### Task requirements:
Every record must be copied exactly, except that pictures are dropped.

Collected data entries
____________

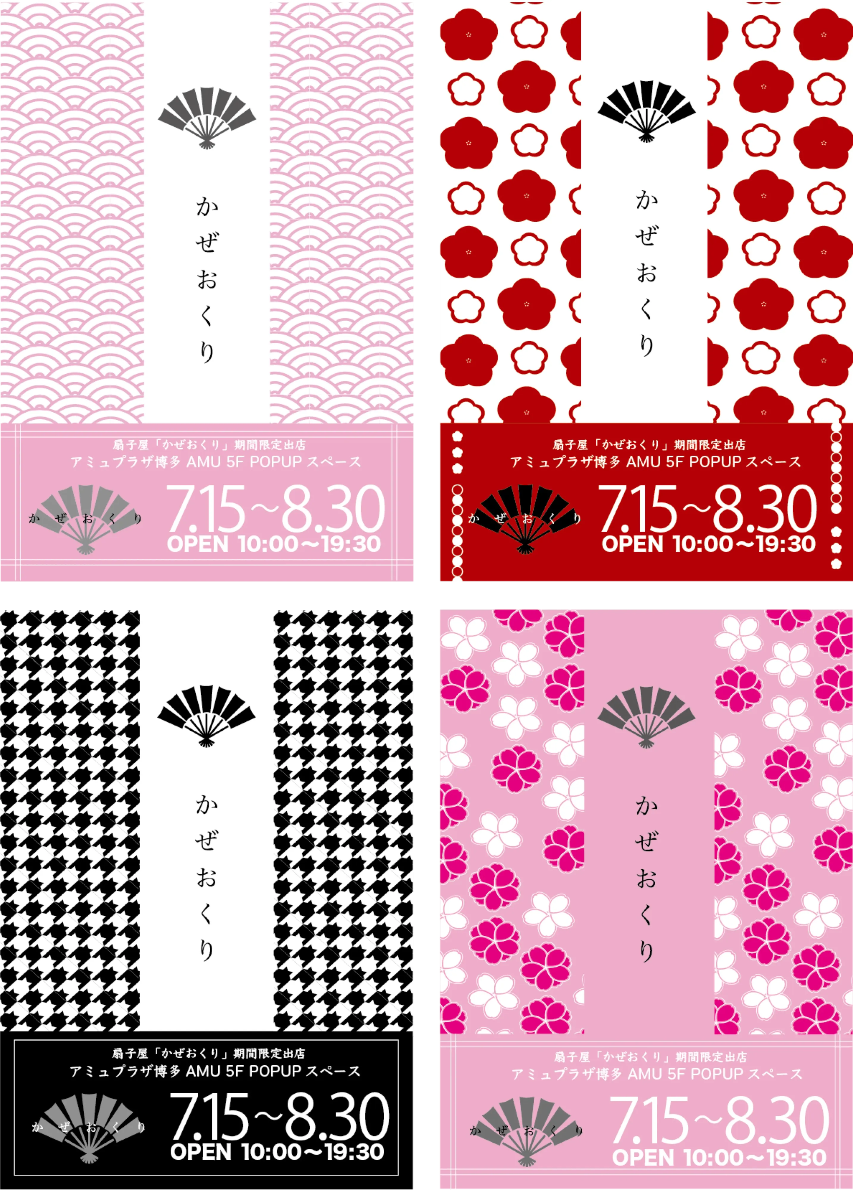 複数のポスターに加え、入場特典のポストカード、その他のグッズの一覧表を作成しました。最も力を入れたのは、和柄のパターン作成です。また、あしらいも和要素を入れました。
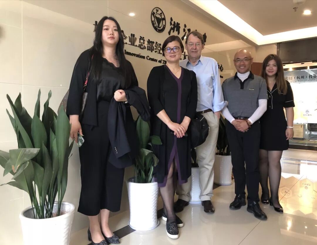 2019年5月21日上午,澳大利亚新南威尔士大学James Weirick教授与英国著名VR教育专家梁凯先生在浙江大学创新创业研究院亚太技术转化中心主任、澳大利亚浙江大学校友会会长、浙亚海创(杭州)投资管理有限公司董事长谢迎女士的陪同下对浙江大学校友企业总部经济园进行了参观和交流。
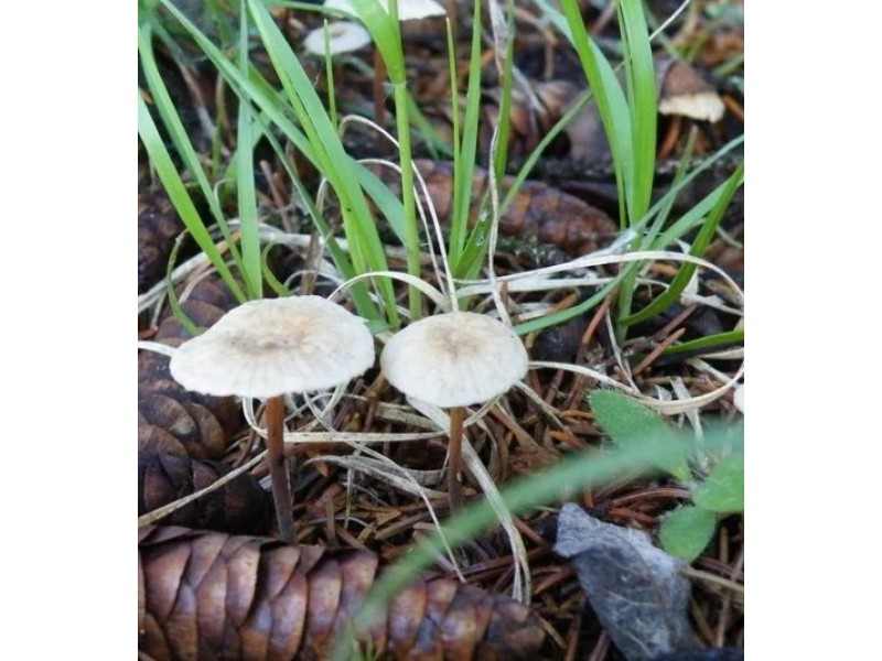 Чесночный гриб (Marasmius scorodonius) потому так и называется, что пахнет чесноком. Сильно и ярко. Грибок сам маленький и хиленький, но растет кучно, очень часто - кругами. Поэтому можно сразу собрать целую охапку.
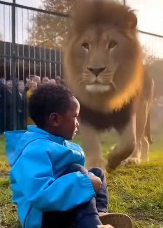 Ethan reached out his tiny hand. The lion responded by gently placing his enormous paw on the ground, inches away — a silent gesture of calm. The crowd went silent. Even the guards stopped in their tracks.
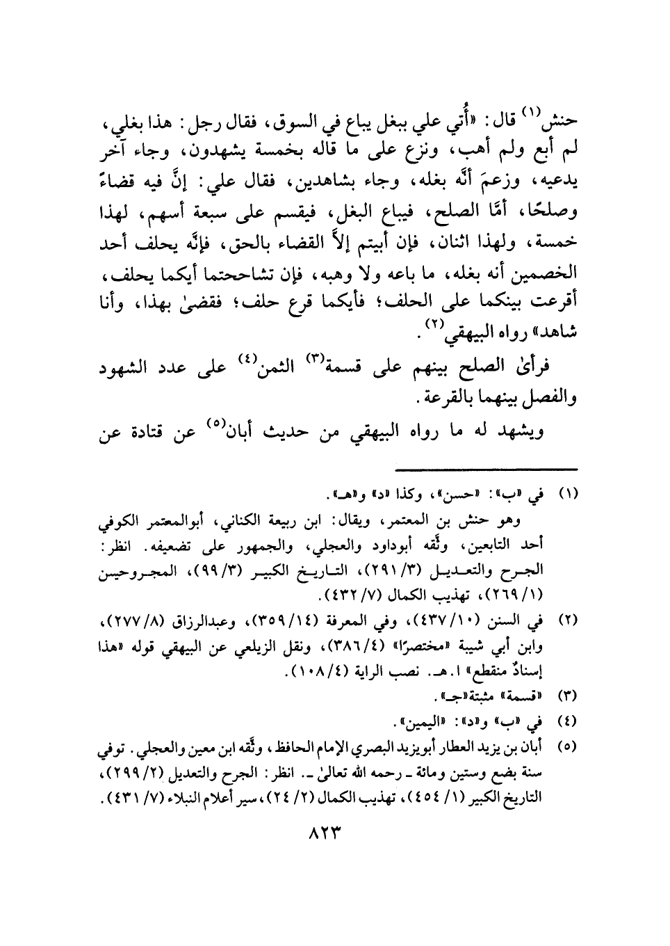 حنش (¬١) قال: "أُتي علي ببغل يباع في السوق، فقال رجل: هذا بغلي، لم أبع ولم أهب، ونزع على ما قاله بخمسة يشهدون، وجاء آخر يدعيه، وزعمَ أنَّه بغله، وجاء بشاهدين، فقال علي: إنَّ فيه قضاءً وصلحًا، أمَّا الصلح، فيباع البغل، فيقسم على سبعة أسهم، لهذا خمسة، ولهذا اثنان، فإن أبيتم إلَّا القضاء بالحق، فإنَّه يحلف أحد الخصمين أنه بغله، ما باعه ولا وهبه، فإن تشاححتما أيكما يحلف، أقرعت بينكما على الحلف؛ فأيكما قرع حلف؛ فقضى بهذا، وأنا شاهد" رواه البيهقي (¬٢).
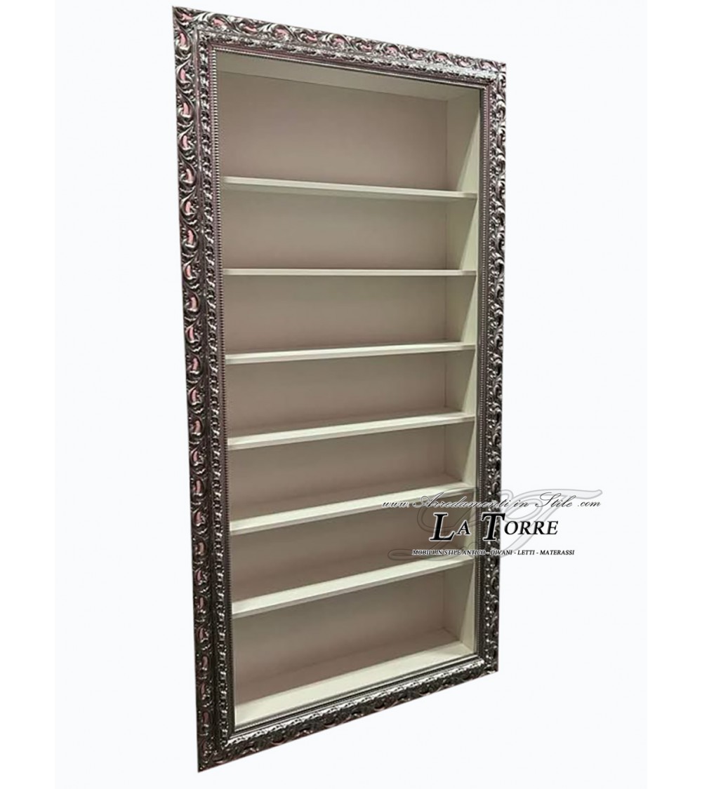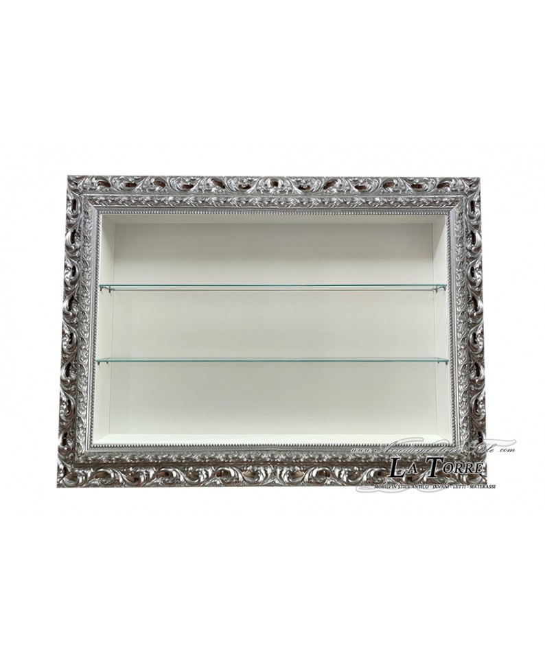 Vetrina classica sospesa da parete in stile Barocco cornice argento traforata box su misura VTGA
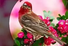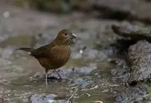 红眉朱雀:体长15厘米,是一种中等体型的朱雀。上体褐色斑驳,眉纹、脸颊、胸及腰淡紫粉,臀近白。雌鸟无粉色,但具明显的皮黄色眉纹。雄雌两性均甚似体型较小的曙红朱雀,但嘴较粗厚且尾的比例较长。…全部>>
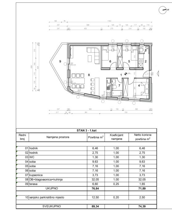 Četverosoban stan ukupne neto korisne površine 74,39 m2 smješten na 1. katu.Sastoji se od 2 hodnika, wc-a, 3 spavaće sobe, kupaonice, dnevnog boravka s blagovaonicom te kuhinje.Pripadaju mu terasa te vanjsko parkirno mjesto.-----U okviru novogradnje planirana je izgradnja stambene zgrade s pet...Za ovu nekretninu kontaktirajte agenta na broj telefona +385 91 938 8561.Više na Eurovilla.hr, ID: 769812Direktan link: https://eurovilla.hr/nekretnina/sveti-ivan-zelina-brezovec-zelinski-moderan-cetverosoban-stan-nkp-74-m2-novogradnja/769812/-----Four-room apartment with a total net usable area of 74.39 m2 located on the 1st floor.It consists of 2 hallways, a toilet, 3 bedrooms, a bathroom, a living room with a dining room and a kitchen.It has a terrace and an outdoor parking space.-----As part of the new development, a residential building... For this property contact our agent on telephone number +385 91 938 8561.More on Eurovilla.hr, ID: 769812Direct link: https://eurovilla.hr/en/property/sveti-ivan-zelina-brezovec-zelinski-a-modern-four-room-apartment-of-74-m2-new-building/769812/...

____________

### Output of the task:
 複数のポスターに加え、入場特典のポストカード、その他のグッズの一覧表を作成しました。最も力を入れたのは、和柄のパターン作成です。また、あしらいも和要素を入れました。
 2019年5月21日上午,澳大利亚新南威尔士大学James Weirick教授与英国著名VR教育专家梁凯先生在浙江大学创新创业研究院亚太技术转化中心主任、澳大利亚浙江大学校友会会长、浙亚海创(杭州)投资管理有限公司董事长谢迎女士的陪同下对浙江大学校友企业总部经济园进行了参观和交流。
 Чесночный гриб (Marasmius scorodonius) потому так и называется, что пахнет чесноком. Сильно и ярко. Грибок сам маленький и хиленький, но растет кучно, очень часто - кругами. Поэтому можно сразу собрать целую охапку.
 Ethan reached out his tiny hand. The lion responded by gently placing his enormous paw on the ground, inches away — a silent gesture of calm. The crowd went silent. Even the guards stopped in their tracks.
 حنش (¬١) قال: "أُتي علي ببغل يباع في السوق، فقال رجل: هذا بغلي، لم أبع ولم أهب، ونزع على ما قاله بخمسة يشهدون، وجاء آخر يدعيه، وزعمَ أنَّه بغله، وجاء بشاهدين، فقال علي: إنَّ فيه قضاءً وصلحًا، أمَّا الصلح، فيباع البغل، فيقسم على سبعة أسهم، لهذا خمسة، ولهذا اثنان، فإن أبيتم إلَّا القضاء بالحق، فإنَّه يحلف أحد الخصمين أنه بغله، ما باعه ولا وهبه، فإن تشاححتما أيكما يحلف، أقرعت بينكما على الحلف؛ فأيكما قرع حلف؛ فقضى بهذا، وأنا شاهد" رواه البيهقي (¬٢).
 Vetrina classica sospesa da parete in stile Barocco cornice argento traforata box su misura VTGA
 红眉朱雀:体长15厘米,是一种中等体型的朱雀。上体褐色斑驳,眉纹、脸颊、胸及腰淡紫粉,臀近白。雌鸟无粉色,但具明显的皮黄色眉纹。雄雌两性均甚似体型较小的曙红朱雀,但嘴较粗厚且尾的比例较长。…全部>>
 Četverosoban stan ukupne neto korisne površine 74,39 m2 smješten na 1. katu.Sastoji se od 2 hodnika, wc-a, 3 spavaće sobe, kupaonice, dnevnog boravka s blagovaonicom te kuhinje.Pripadaju mu terasa te vanjsko parkirno mjesto.-----U okviru novogradnje planirana je izgradnja stambene zgrade s pet...Za ovu nekretninu kontaktirajte agenta na broj telefona +385 91 938 8561.Više na Eurovilla.hr, ID: 769812Direktan link: https://eurovilla.hr/nekretnina/sveti-ivan-zelina-brezovec-zelinski-moderan-cetverosoban-stan-nkp-74-m2-novogradnja/769812/-----Four-room apartment with a total net usable area of 74.39 m2 located on the 1st floor.It consists of 2 hallways, a toilet, 3 bedrooms, a bathroom, a living room with a dining room and a kitchen.It has a terrace and an outdoor parking space.-----As part of the new development, a residential building... For this property contact our agent on telephone number +385 91 938 8561.More on Eurovilla.hr, ID: 769812Direct link: https://eurovilla.hr/en/property/sveti-ivan-zelina-brezovec-zelinski-a-modern-four-room-apartment-of-74-m2-new-building/769812/...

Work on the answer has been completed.